Theologians have been engaged in biblical exegesis for centuries, and it is a truism to say that whether they are Jesuits or Wee Frees, they can study the Old and New Testaments and get what they want out of them. That must not be the method of revolutionary Marxism. The theoretical and practical achievements of Marx and Engels were not discarded immediately that they ceased to be practically relevant (otherwise, the Communist Manifesto would have been “out of date’” by 1851), but neither were they preserved in amber, as the Second International and the Mensheviks sought to do, in opposition to Lenin and Trotsky.

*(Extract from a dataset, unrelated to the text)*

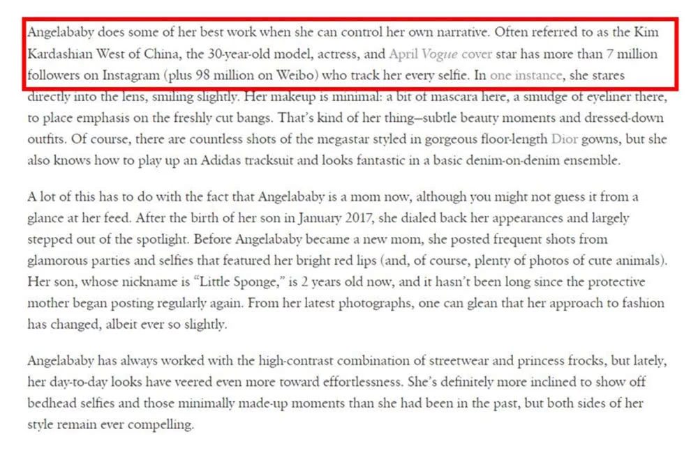 Chưa hết, ngay phần giới thiệu của từng “TALENT” đến độc giả, những cái tên khác đều được VOGUE gọi bằng vai trò cụ thể diễn viên với những miêu tả chi tiết họ giúp đỡ, ảnh hưởng như thế nào với xã hội, tài năng thành tích họ đến đâu. Còn với Angelababy tạp chí này chỉ ghi vài dòng cho thấy độ nổi tiếng của cô như thế nào tại Trung Quốc, có bao nhiêu fan trên các diễn đàn mạng xã hội. Đọc vào phần chú thích của cô nàng, độc giả quốc tế chỉ có thể nhớ đến cô như một ngôi sao mạng xã hội, hot face, còn tài năng thì chẳng thấy đâu để phù hợp đại diện Trung Quốc với chủ đề “TÀI NĂNG TOÀN CẦU”. Có lẽ VOGUE dùng từ rất đúng khi so sánh, ví von Angelababy là Kim Kardashian của Trung Quốc.

The same must apply to Trotsky, and Trotskyism, by which I mean the form taken by revolutionary Marxism in the context of the degeneration of the Comintern. (Trotsky often referred to “so-called Trotskyism”, preferring not to regard it as a political category in its own right). The theory of Permanent Revolution, and its concept of combined and unequal development, the analysis of the rise of the Soviet bureaucracy, the Transitional Method, and the United Front are all part of the theoretical arsenal of revolutionary Marxism. In the hands of mutually anathematising sects they are as the remains of classical cities used by barbarians to build sheep pens. To use one of Trotsky’s phrases, we must learn to think. As well as working for regroupment on the lines argued for above, we must critically reassess aspects of revolutionary Marxism, and I have made a non-exhaustive list below. Some are not burning issues for the class, now, but are subjects for study and discussion.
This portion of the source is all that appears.